Profitability is a concern for all stakeholders in the soybean production and processing chain, and it's influenced by more than just yield: Oil and protein levels also affect profits. Geographic differences in soybeans have economic implications for grain elevators, but these are typically masked by random errors in the receiving and analysis process.
In research published in Applied Engineering in Agriculture, a team from Iowa State University sought to better understand the geographic variations and to address the problem of random errors. Their work will facilitate the marketing of soybeans based on oil and protein levels, and thus improve profitability.
Maximizing Processing Value with Selective Handling Strategies: An Analysis of Soybeans Received at Iowa Elevators
Bennett E. Barr, Charles R. Hurburgh, Gretchen A. Mosher
Published in Applied Engineering in Agriculture 37(4): 583-594 (doi: 10.13031/aea.14534)
Copyright 2021 American Society of Agricultural and Biological Engineers
Abstract: A better ability to understand and use geographic variations in protein and oil is one way to maximize the value potential of soybeans for handlers and processors.
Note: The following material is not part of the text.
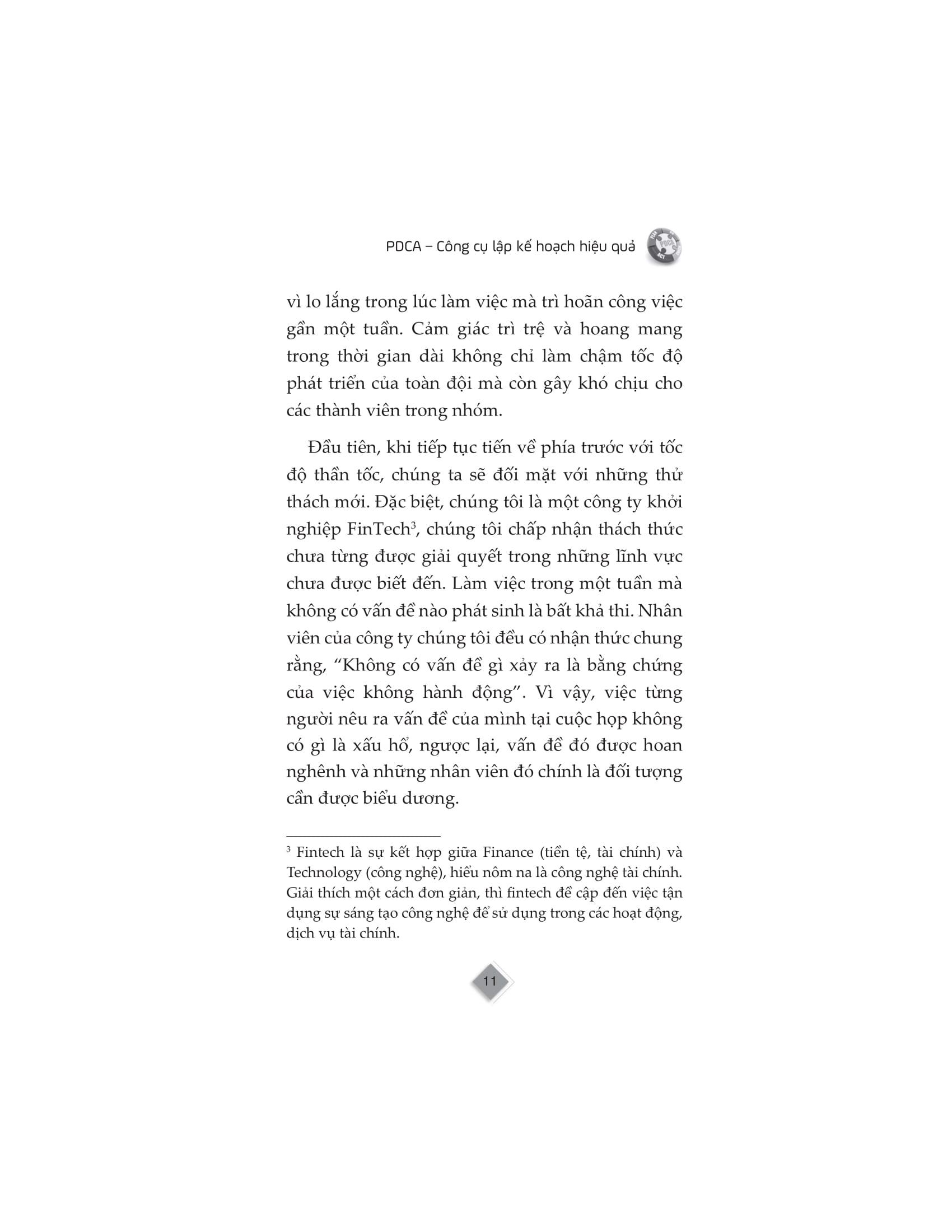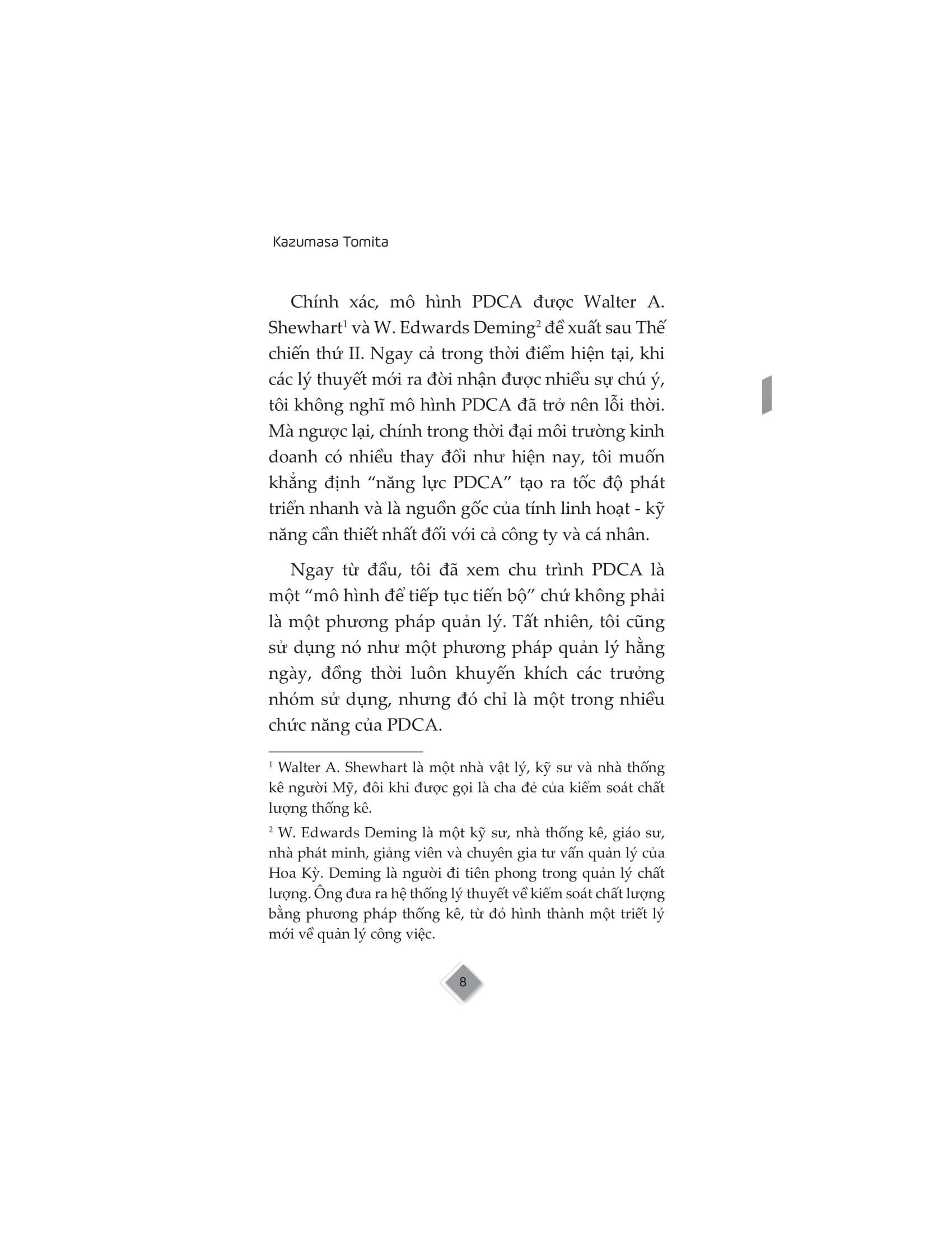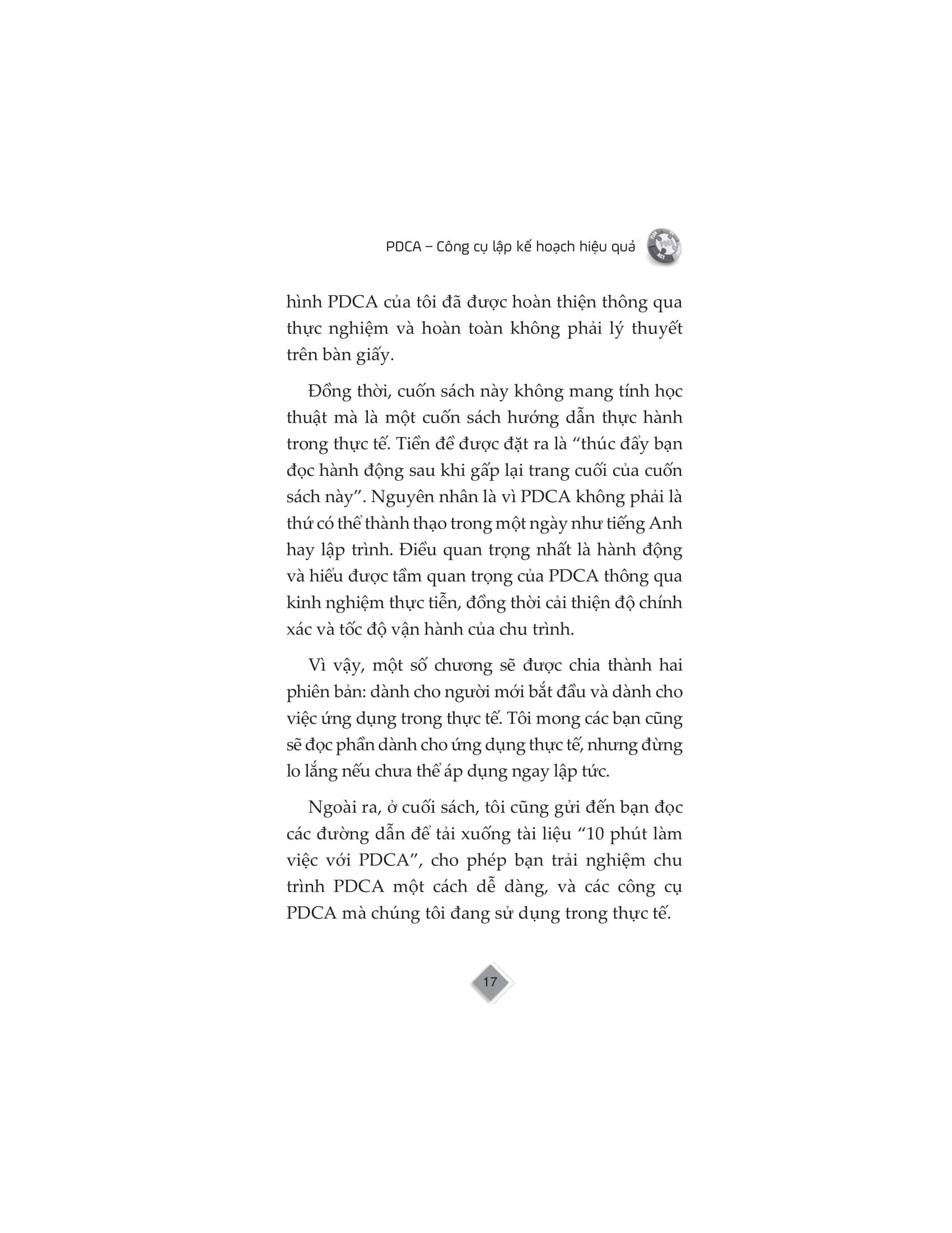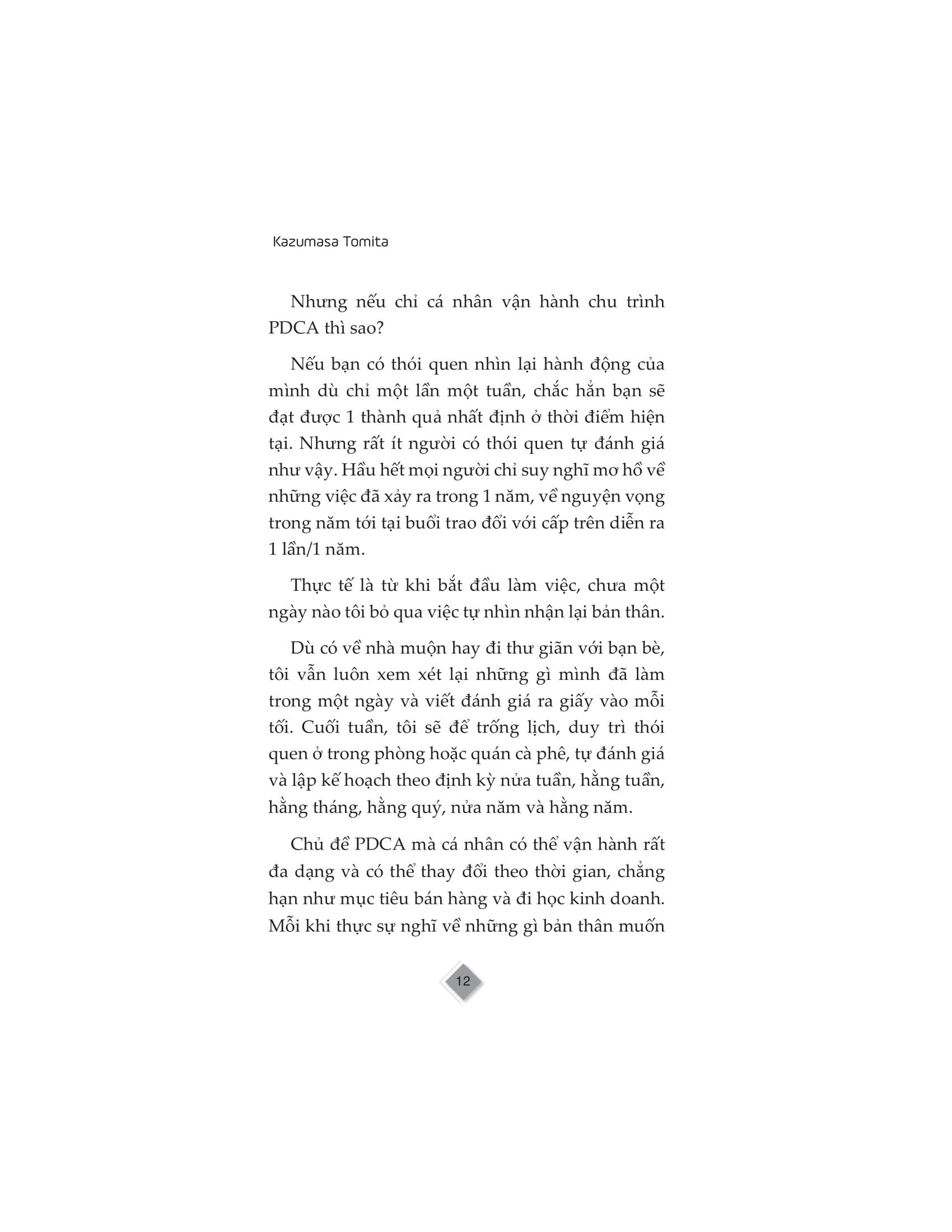 Chu trình PDCA bao gồm bốn bước PLAN (kế hoạch), DO (thực hiện), CHECK (tự đánh giá) và ADJUST (điều chỉnh), là một khuôn khổ cổ điển mà mọi doanh nhân đều biết, tuy nhiên, lại không nhiều người hiểu được hết để áp dụng trong doanh nghiệp của mình. Nhưng một khi nắm vững chu trình PDCA và thực hiện nó, bạn có thể đưa doanh nghiệp của mình phát triển với tốc độ chóng mặt; bạn sẽ không còn do dự hay lo lắng về những quyết định của mình; bạn sẽ luôn giữ được động lực để thực hiện mục tiêu đã đề ra ban đầu và doanh nghiệp hay thậm chí chính cuộc sống cá nhân của bạn sẽ đạt được kết quả tối ưu nhất.

An Iowa cooperative had been sourcing soybeans for processing from nearby elevator locations and wanted to know whether this strategy was maximizing the net processing value of the soybeans. Random and systematic errors from testing and measurement instruments also impact marketing decisions and were investigated as part of this project. During the Fall 2018 soybean harvest, soybean samples were collected from 32 country elevator locations belonging to one Iowa-based cooperative which has its own soybean processing plant. Samples were analyzed using near-infrared spectroscopy (NIR), and protein and oil content data were entered into an Estimated Processing Value (EPV) model to determine value differences of soybeans among elevator locations. Results showed substantial variability among locations that represented a $0.23/bushel EPV spread. No significant variation was found in soybean quality over the harvest season, suggesting that marketing decisions can be made at the beginning of the season.
To determine the incidence of random errors, a simulated Excel-based model was used with three test cases. The introduction of random error lowered value gaps between locations, which made the discrimination of high-value locations from average or low-value locations difficult. Although protein and oil measurement with the NIR instrument was feasible even on busy harvest season days, the validity of marketing decisions using these data depended highly on the error involved in sample analysis. Future studies should identify specific sources of error and attempt to eliminate them. Specifically, one of the largest sources of error in a commodity-based market system is in the measuring units. The ability to isolate and quantify measurement error will improve the capability of the commodity-based soybean market system to focus trade decisions on end use traits, maximizing soybean value and providing incentive for improvement.